The query is then processed using a model at step 120. As indicated above, the model is a language-image model that is fine-tuned on document data. The model is a machine learning model that may be based on a unified language-image model, such as for example the PaLI (Pathways Language and Image) model. In some examples, the model may be further pretrained and/or fine-tuned using one or more image-text datasets and tasks. Further, the one or more datasets may include key-value pair data, specific entity data or generic entity data.

In the example shown in FIG. 2, the model 222 is based on the large language-image model PaLI (Pathways Language and Image model). FormPaLI improves on the PaLI model and further fine-tunes it on document data for document understanding. The query is processed by the model 222 so as to provide an answer.

At step 130, the answer is outputted as text and a bounding box. In keeping with the example of FIG. 2A, the output may take the form of an answer in a box 230 and an answer in text 236. The answer in a box 230 includes a bounding box 234 around the Gain/Loss. The bounding box can be specified by two corner coordinates for an axis-aligned bounding box as shown by bounding box 234. The bounding box, however, can be any list or combination of polygon vertices. The answer in text 236 includes the answer as the actual value responsive to the query, e.g., −$9,587.54.

FIG. 2B illustratively depicts a high-level process flow 250 showing a sample input 252, a query processor 256 and a sample output 260. The sample input includes a document image 262 and a query 264 (“What is the patient's address?”). In general, the query takes the form of a natural language query. Query processor 256 takes the document image 262 and query 264, process them using the FormPali model and provides output 260. As shown, output 260 includes a bounding box 272 appended to the document image 262 and an answer 274. Query processor 256 enables extraction of information from documents using natural language queries using the FormPaLI model. Query processor 256 may operate, for example, on any form-like document without the need for labeled data based on it understanding of text and layout.

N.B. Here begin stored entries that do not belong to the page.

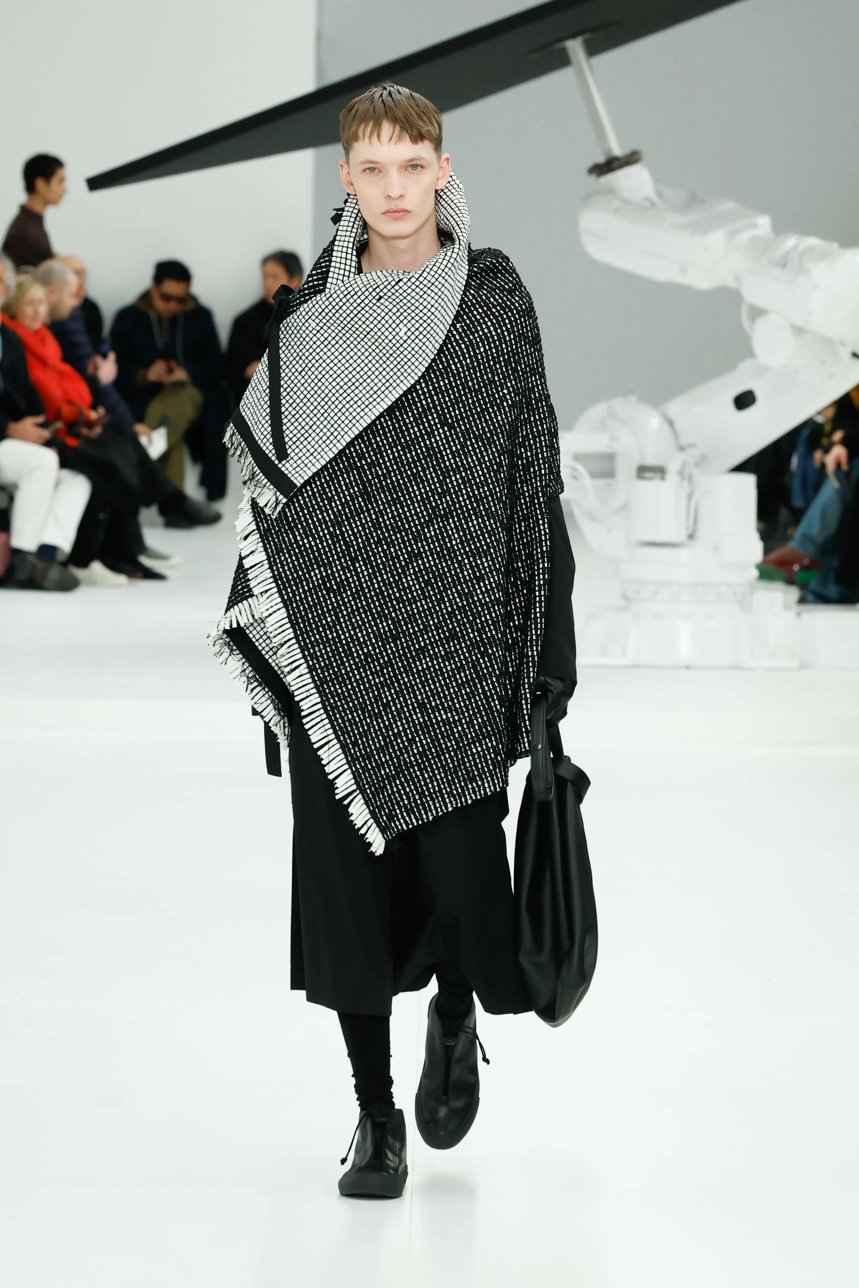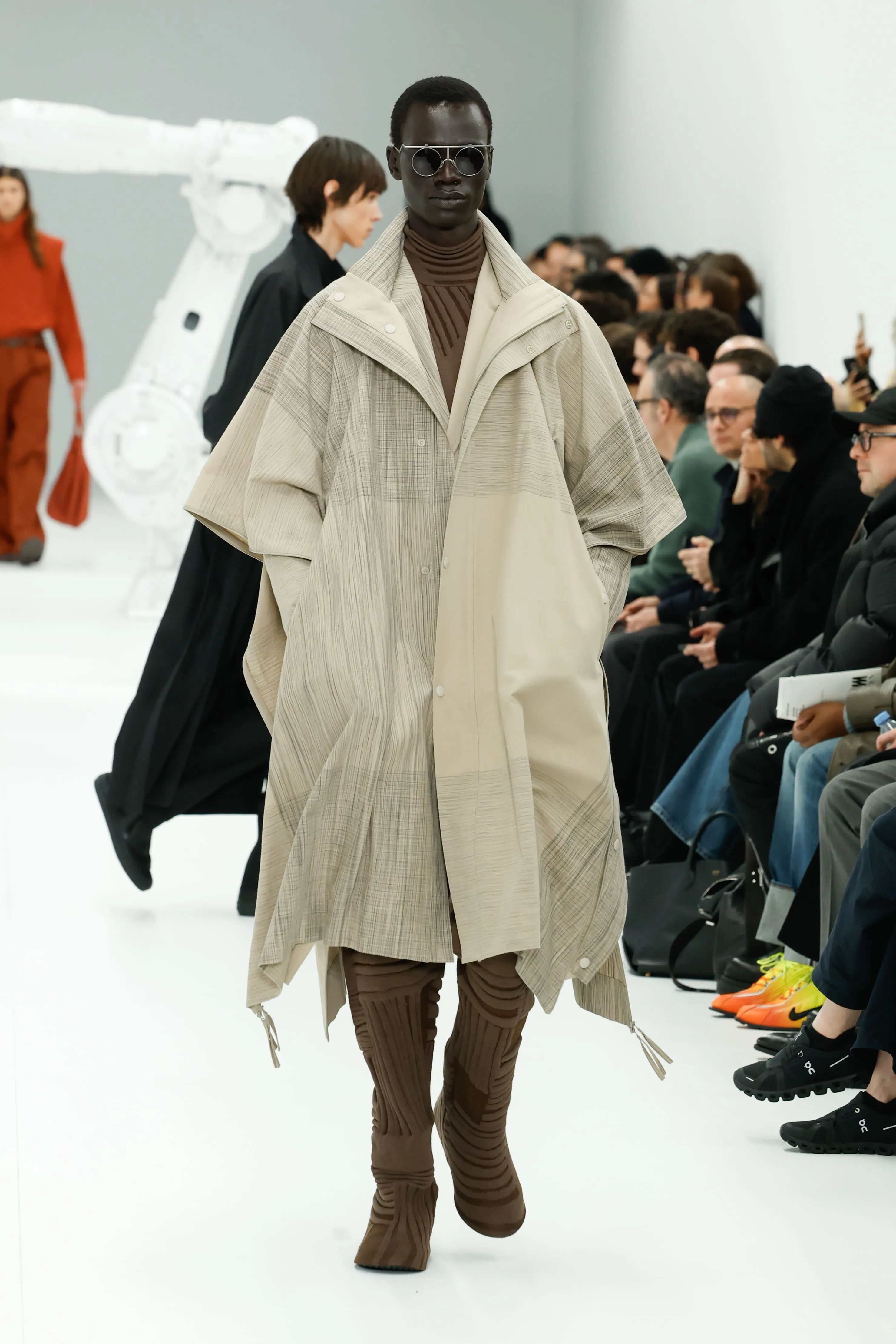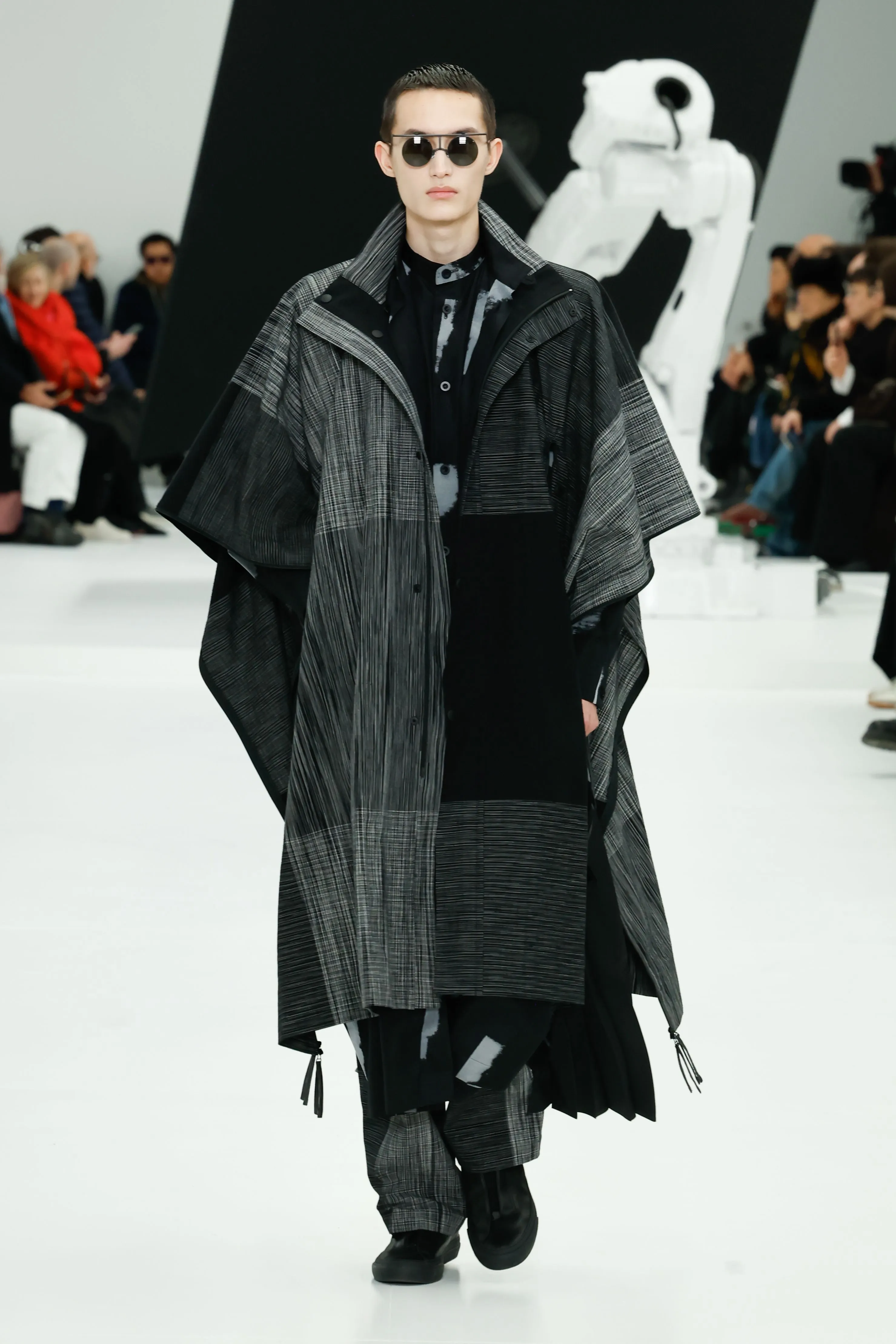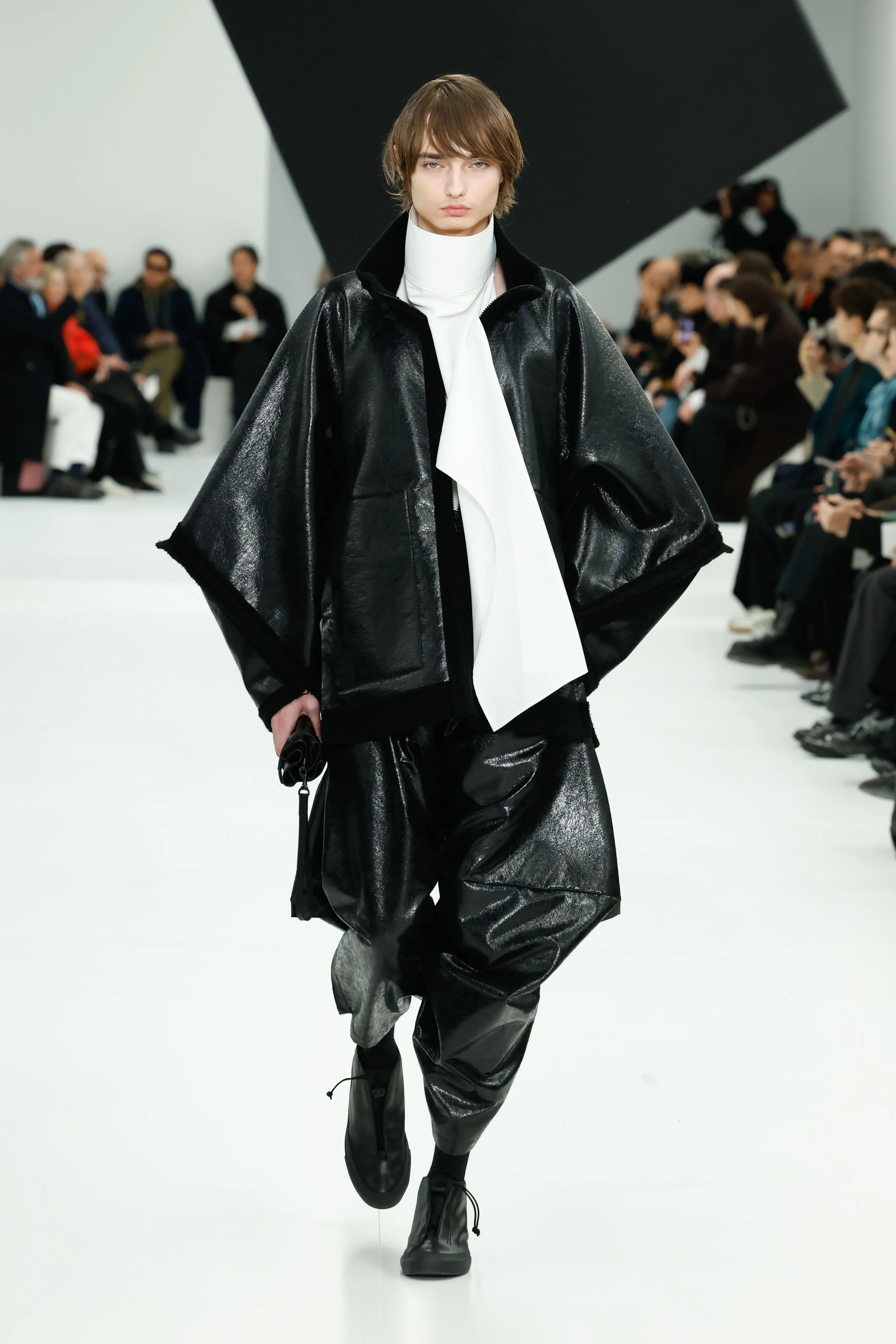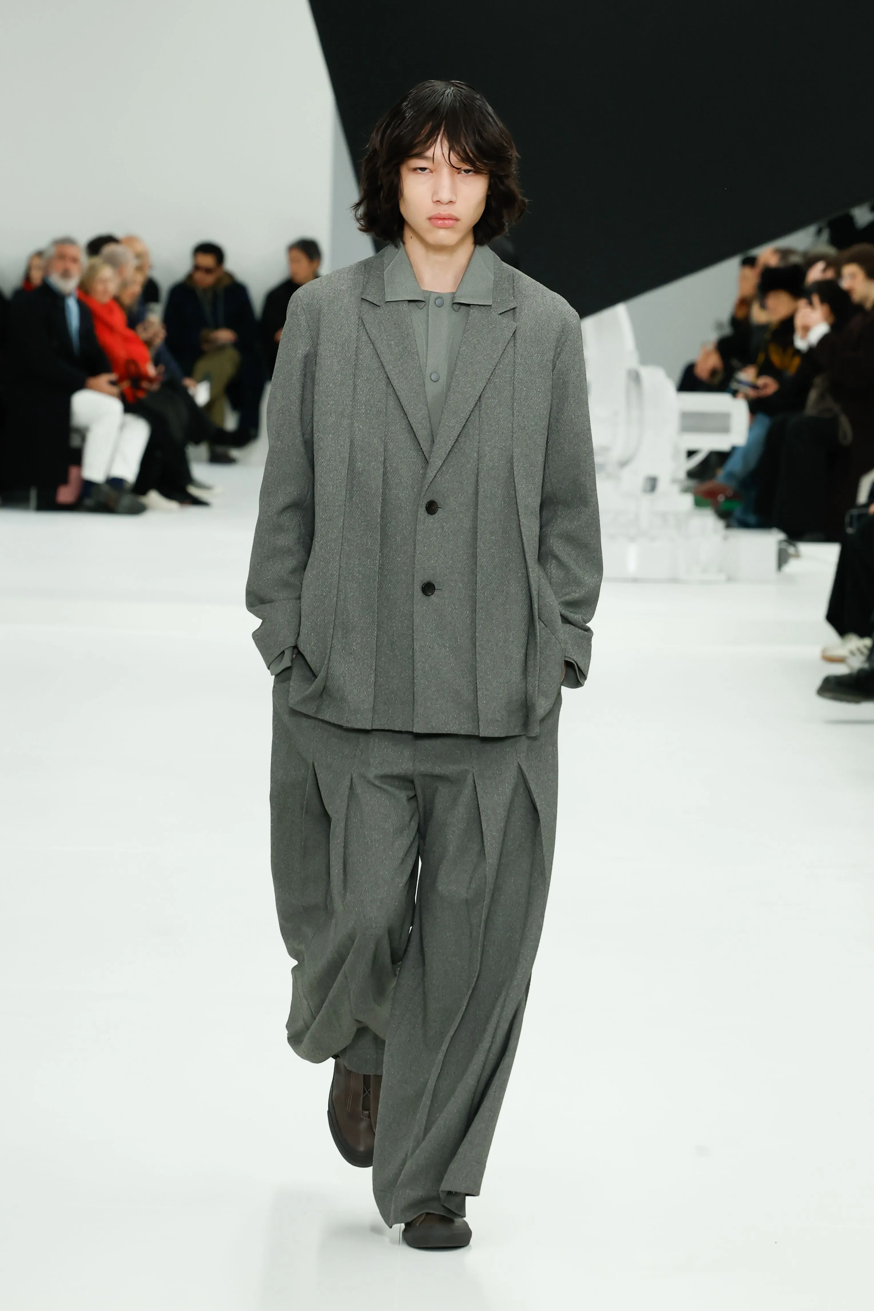 Présentée ce jeudi au Réfectoire des Cordeliers, un ancien couvent construit au début du XVIe siècle à Paris, la collection Issey Miyake automne-hiver 2025-2026 est intitulée "FLY WITH IM MEN". Lancée en 2021, cette ligne explore des approches innovantes dans la conception de vêtements en harmonie avec le corps humain, en s'inspirant du concept d'Issey Miyake a piece of cloth. L’équipe de design s’attache à redéfinir l’essence même du vêtement, en s’intéressant à la fois à sa forme et à sa structure, dans une démarche alliant design et ingénierie. Avec cette collection présentée pour la toute première fois à Paris, l’intention d’"IM MEN" est de proposer des produits qui franchissent toutes les frontières et offrent de nouvelles perspectives à un large public à travers des idées affranchies de toutes contraintes. L’installation, conçue par Tokujin Yoshioka, s’inspire du concept a piece of cloth. Une pièce de tissu, présente au cœur de l’espace commence à se mouvoir comme si elle prenait vie. Cette présentation illustre une ère où le dialogue entre artisanat traditionnel et technologie moderne prend tout son sens.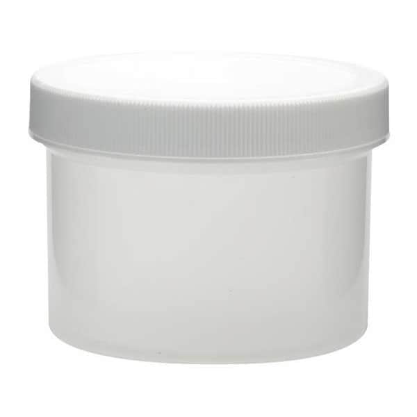 Jar, Capacity - Metric 250 mL, Capacity - English 8.5 fl oz, Closure Included Yes, Closure Liner Material Polyethylene, Body Diameter - Metric 84 mm, Body Material Polypropylene, Overall Height - Metric 64 mm, Screw Closure Size 89-400 mm, Autoclavable No, Closure Type Screw On, Closure Material Polypropylene, Closure Color White, Body Color White, Mouth Size Wide, Basic Material Plastic, Shape Round, Package Quantity 36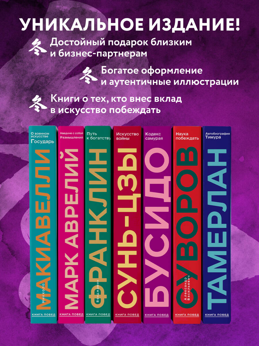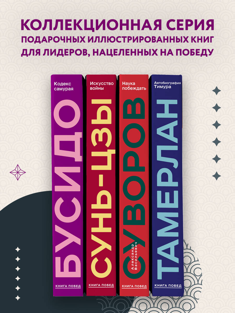 Это уникальное издание по праву можно назвать сокровищницей литературы о самурайской культуре. Книги, собранные под одной обложкой, в полной мере отражают величайшую самобытность этой традиции, поскольку представляют собой рассказы из первых уст - от самих японских мастеров меча. Каков нравственный облик идеального воина, как жили, служили и сражались самураи, о чем размышляли и каким мечтам предавались в редкие часы покоя - ответы на эти и другие вопросы дают они сами в книге «Кодекс самурая. Хагакурэ Бусидо. Книга Пяти Колец». О серии «Книга побед» - коллекционная серия подарочных иллюстрированных книг, объединившая фигуры легендарных исторических личностей, которые внесли каждый свой вклад в искусство побеждать. Издания, вошедшие в серию, посвящены не только премудростям военной науки, тактике, стратегии, но и воспитанию духа, воли и качеств настоящего лидера, необходимых для победы. Собеседниками и учителями выступают легендарные полководцы, мыслители, государственные деятели. Каждая книга серии выполнена в уникальном дизайне с удлиненным форзацем, имитирующим печать на обрезе, и сопровождена большим количеством цветных и черно-белых иллюстраций, которые позволяют полнее проникнуться духом славной эпохи и лучше усвоить уроки великих. Серия в качественном полиграфическом исполнении станет настоящим украшением домашней и деловой библиотеки истинных книголюбов и собирателей редких книг, достойным подарком близким и бизнес-партнерам, а также ценным источником для всех, кто интересуется военной историей и ее ключевыми фигурами, историей государственного управления, ролью личности в истории.| Издательство | ООО "Издательство "Эксмо" |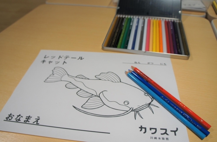 カワスイ水族館の生き物にちなんだイラストも置いてあるので、自由に色をぬってお土産に持って帰るのもいいですね。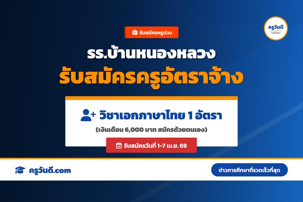 โรงเรียนบ้านหนองหลวง รับสมัครครูอัตราจ้าง วิชาเอกภาษาไทย วุฒิ ป.ตรี สมัคร 1-7 เม.ย. 69
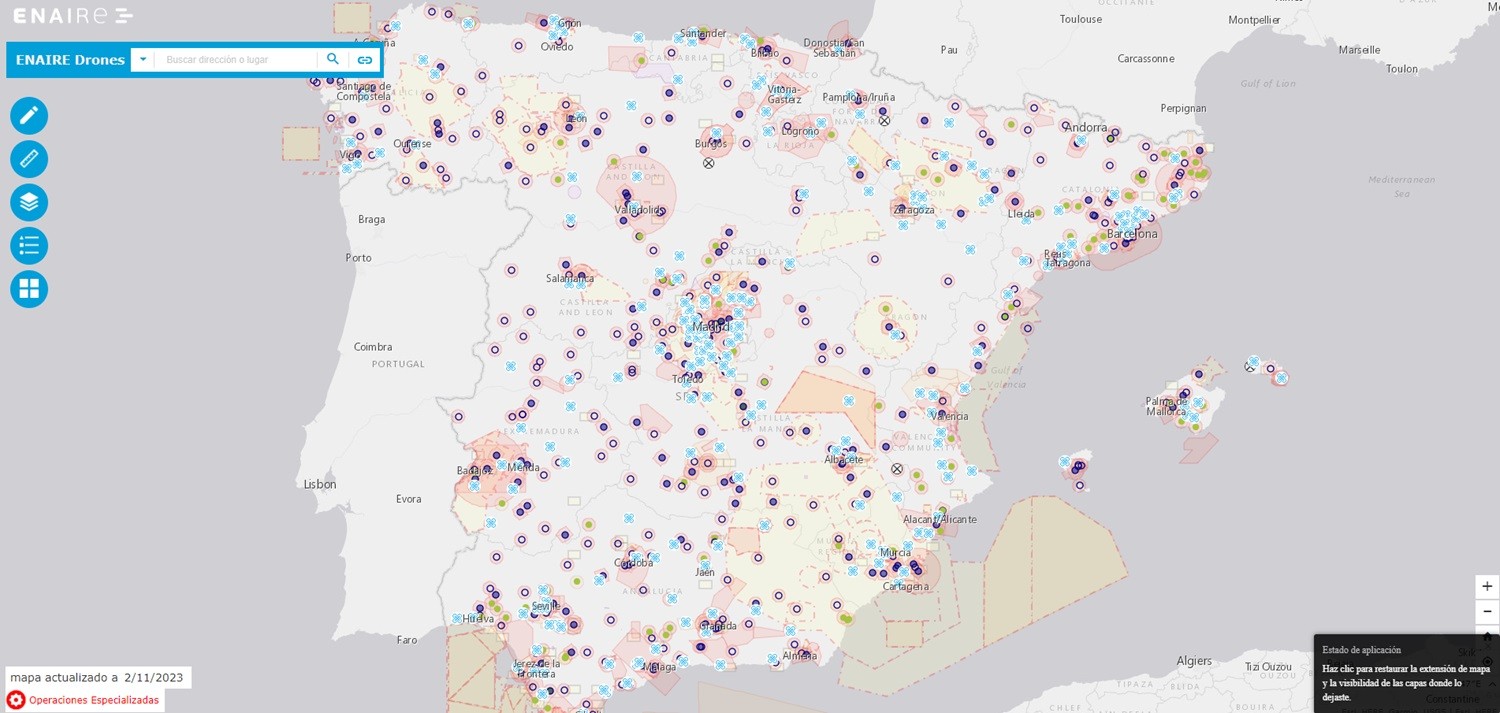 En este enlace encontrarás el mapa oficial del Espacio Aéreo de España (la web pertenece al Ministerio de Fomento), con las posibles restricciones para volar un dron, en función de la finalidad del vuelo (si es comercial o recreativo). Como verás, existen ciertas zonas restringidas, como las zonas ZEPA de protección de aves, o las zonas cercanas a aeródromos y aeropuertos.

FIG. 3 illustrates an example architecture 300 for processing queries in accordance with an aspect of the disclosed technology. Architecture 300 is referred to as a document AI query processor 300. The processor architecture 300 is an example of a zero-shot entity extraction model, e.g., it provides a mechanism to extract entities that are not captured (well or at all) by pretrained models. That model is powered by a joint language-image model, such as FormPaLI. Using document AI query processor 300, users query a document and receive desired values with bounding box location information alongside pretrained model output (e.g., Form Parser, Invoice, etc.) to improve (e.g., optimize) their extraction pipeline. Document AI query processor 300 can be implemented so as to allow users to prompt design, evaluate with a test dataset, and power extraction pipelines without training data.

Document AI query processor 300 includes a query processor frontend 310 and a query processor backend 320. The query processor frontend 310 sends request 322 to and receives response 324 from the query processor backend 320. Request 322 includes identification of the document(s) subject to the user query(ies), as well as the user query(ies). The response 324 includes the document(s) with the extracted entities.

Query processor frontend 310 allows for document selection and queries by a customer. Such functionality may be implemented via an application programming interface (API) that functions as an intermediary layer that processes data transfer between a customer system and the query processor frontend 310. API calls may be inputted via a user interface (UI) and may take the form of direct Representation State Transfer (RST) calls or remote procedure calls (RPCs).

Query processor backend 320 includes a pre-processor 330. Pre-processor 330 performs a number of functions. One function includes performing optical character recognition (OCR) on the documents provided or identified as part of the request so as to extract OCR characters. Another function performed by pre-processor 330 is split pages, which partitions the document page into different regions. Another function is to resample the images. Once the foregoing functions are completed, a prompt is formatted by combining the query text, the OCR text, and the resampled image. The query(ies) is/are then batched for further processing. Each of the foregoing functions will typically be performed serially, but one skilled in the art would appreciate that they need not be performed in the exact order described. For instance, the functions may be performed in parallel up to the point where information is gathered into a model prompt.

Following pre-processing, the request is formatted as including one or more images along with prompts, as shown at request 332. Request 332 is fed to a FormPaLI model 336, where it is processed to produce a response 338, which includes texts and location information (see, for example, FIG. 2). FormPaLI model 336 may use a GPU (graphics processing unit) or TPU (tensor processing unit) inference engine in responding to queries to extract entities that are not captured (either exactly or without variation) during pre-training. FormPaLI model 336 comprises, generally, a large vision model tuned for document understanding. For example, given an image of a document and a natural language query (e.g., “What is seller's address?”), the model predicts the answer text (“/Main Street”) along with the corresponding bounding box.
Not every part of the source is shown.